= John Kilzer =

American rock singer-songwriter (1957–2019)

John Turner Kilzer (January 7, 1957 – March 12, 2019) was an American rock singer and songwriter. Most notably, he is known for the 1988 Mainstream Rock hit "Red Blue Jeans".

==Life and career==
Kilzer was born in Jackson, Tennessee. He had some success as a basketball player at Memphis State University, now the University of Memphis. In 1987, Kilzer signed to Geffen Records and recorded the studio album Memory in the Making. In 1988, the album charted on the Billboard 200 reaching No. 110. Kilzer wrote all the songs except "Red Blue Jeans", co-written with Richard Ford.
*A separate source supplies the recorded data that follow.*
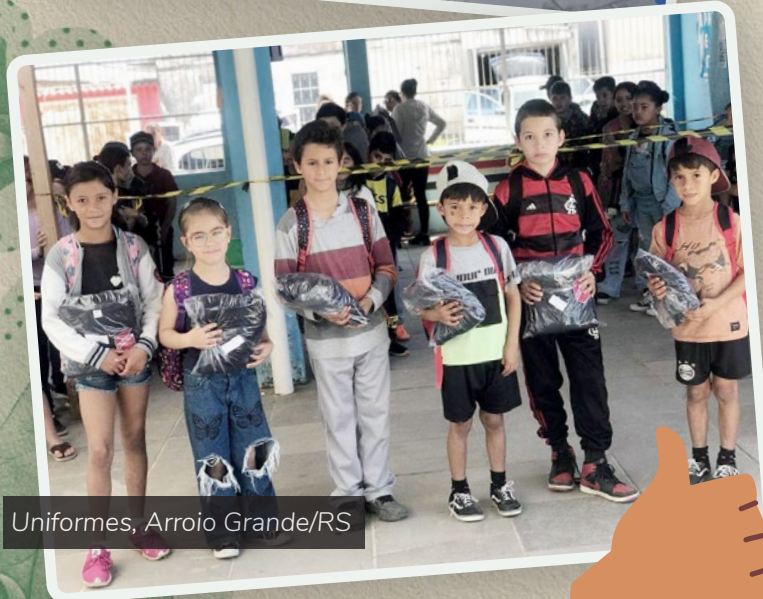
Uniformes, Arroio Grande/RS
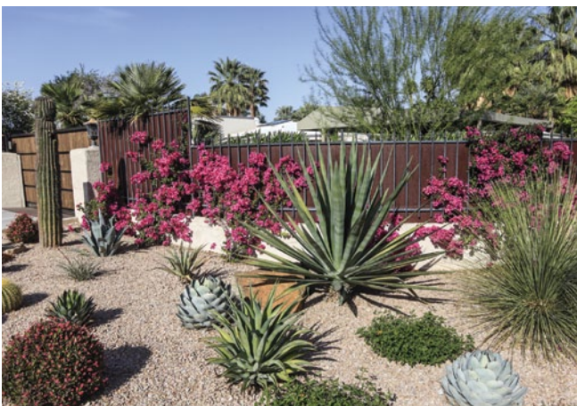
Un jardín resistente a las sequías.
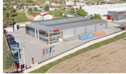
Lager in Athen, Griechenland
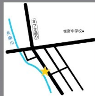
▲物件番号：5 (約 40.44 坪)
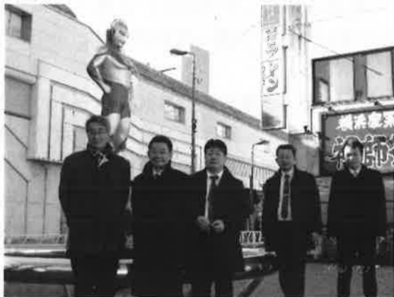
(小田急線祖師ヶ谷大蔵駅前のウルトラマン像)
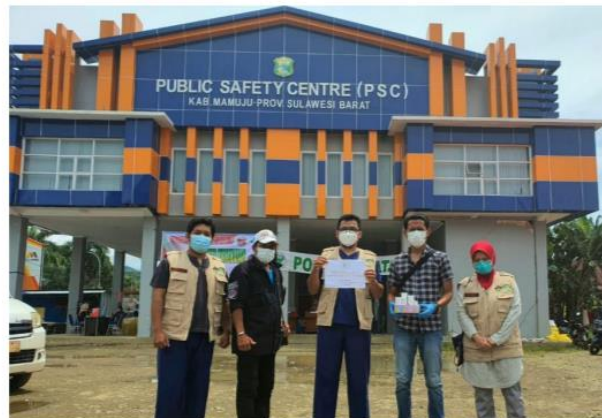
Pemberian bantuan PP PDS PatKLIIn berupa alat POCT ke posko kesehatan PSC 119 Kabupaten Mamuju
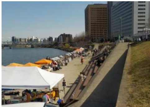
過年度の社会実験で実施したイベントの様子
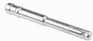
Parlayan Tiller Pimi ШПЛИНТ МАШИНЫ РАСПЫЛИТЕЛЯ PARLAYANLAR PARLAYANLAR SPRAYER MACHINE PIN
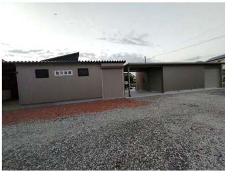
現在の防災倉庫の東側に第2防災倉庫を増築

現在の防災倉庫が手狭となり、第2防災倉庫の検討を約1年かけて検討してまいりました。7月上旬より着工した第2防災倉庫は8月7日立会検査を行い、完成しました。屋根は南面傾斜とし、将来太陽光パネルが乗せられる強度な仕様としました。また大型物品の搬出入を可能とするため、前面と側面にシャッターを取り付けました。
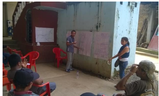
Ilustración 5 y 6. Mesas de trabajo para la identificación de necesidades y análisis de la problemática central.
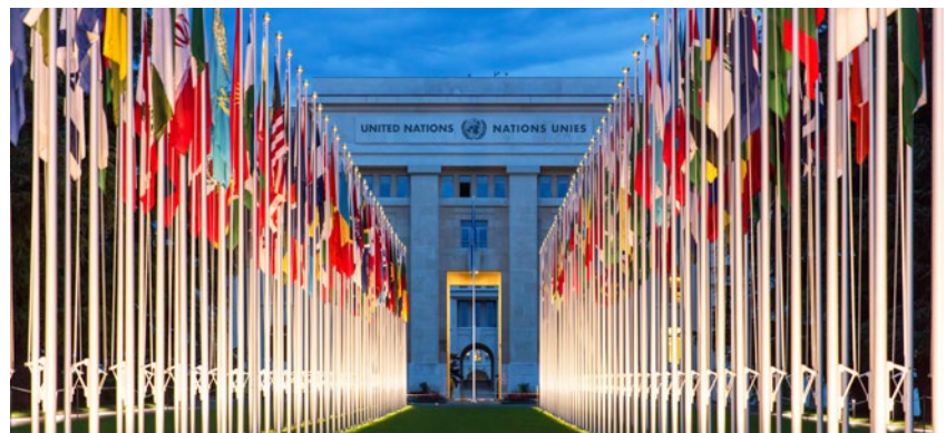
Der «Palais des Nations» ist das europäische Hauptquartier der Vereinten Nationen.
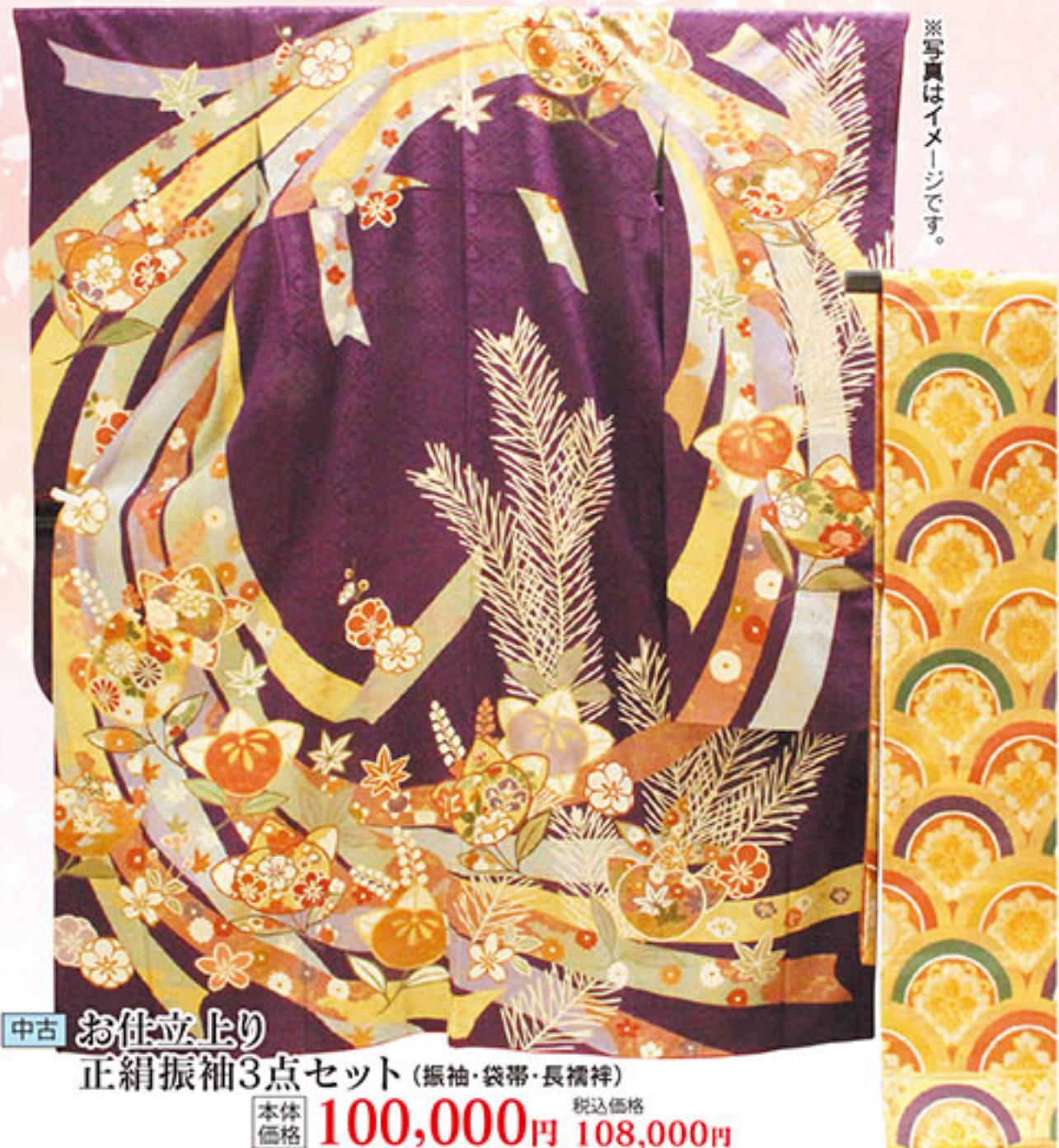
中古 お仕立上り 正絹振袖3点セット (振袖・袋帯・長襦袢) 本体価格 100,000円 税込価格 108,000円
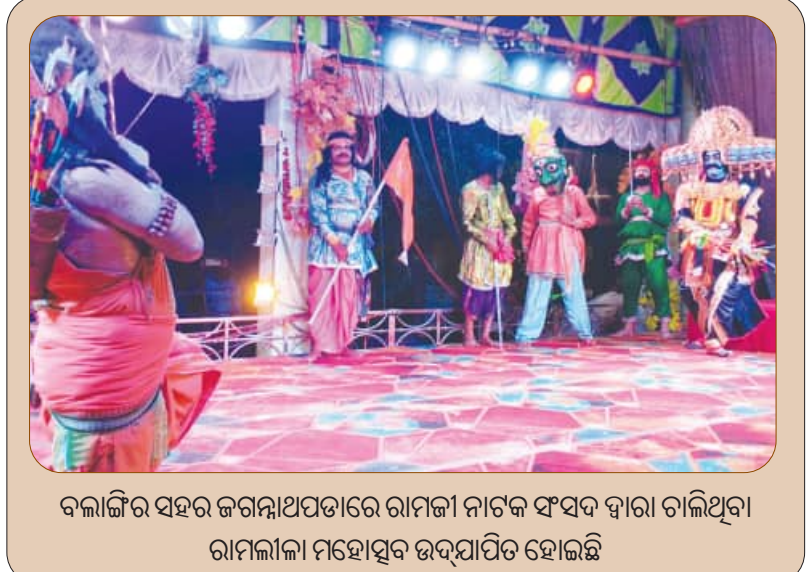
ବଲାଙ୍ଗୀର ସହର ଜଗନ୍ନାଥପଡ଼ାରେ ରାମନା ନାଟକ ଫର୍ସଦ ସ୍ୱାରା ଚାଲିଥିବା ରାମନାମା ମହୋତ୍ସବ ଉଦ୍‌ଘାଟିତ ହୋଇଛି

ସର୍ବଜନ, ୧୮ (ସମିଧ): ସର୍ବଜନ ବ୍ଲକ ଅଞ୍ଚଳରେ ବେଆଇନ୍ ଇଟାଭାଟି ଚାଲିଛି । ଏଣୁ ସ୍ଥାନୀୟ ଅଞ୍ଚଳରେ ଦିନକୁ ଦିନ ପ୍ରଦୂଷଣ ବଢ଼ିବାରେ ଲାଗିଛି । ବେଆଇନ୍ ଭାବେ ଏଠାରେ ବହୁ ଇଟାଭାଟି ଗଠି ଉଠିଛି । ଇଟାଭାଟିରୁ ଅଙ୍ଗାରକାମୁଗା ସମ୍ପର୍କରେ ହେବାପାଇଁ କୁଳୁଳି, ଧୂଆଁ ଓ ପାଉଁଶ ଦିନକୁ ଦିନ ପ୍ରଦୂଷଣ ବଢ଼ିବାରେ ଲାଗିଛି । ବେଆଇନ୍ ଏହି ଅଞ୍ଚଳର ଲୋକଙ୍କ ସ୍ୱାସ୍ଥ୍ୟ ପକ୍ଷେ ହାନିକାରକ ହେଉଛି ।

The tracks "Red Blue Jeans" and "Green, Yellow and Red" taken from the album, charted in 1988 on the Mainstream Rock Tracks (No. 12 and No. 36, respectively). Rosanne Cash recorded "Green, Yellow and Red" for her album King's Record Shop. Another Kilzer song, "707," appeared as the B-side of the single "The Way We Make a Broken Heart"; it was included as a bonus track on the 2005 CD version of that album.

His next studio album, Busman's Holiday, released in 1991, did not make it to the Billboard 200, and its single, "Marilyn Dean And James Monroe”, achieved minor success.

During his life, Kilzer struggled with alcohol addiction. In 2010, he earned a PhD in Theology and started helping people recovering from substance abuse. Until his death, Kilzer served as an associate pastor for recovery ministries at St. John's United Methodist Church in Memphis.

Kilzer died by suicide (by hanging) on March 12, 2019, at the age of 62.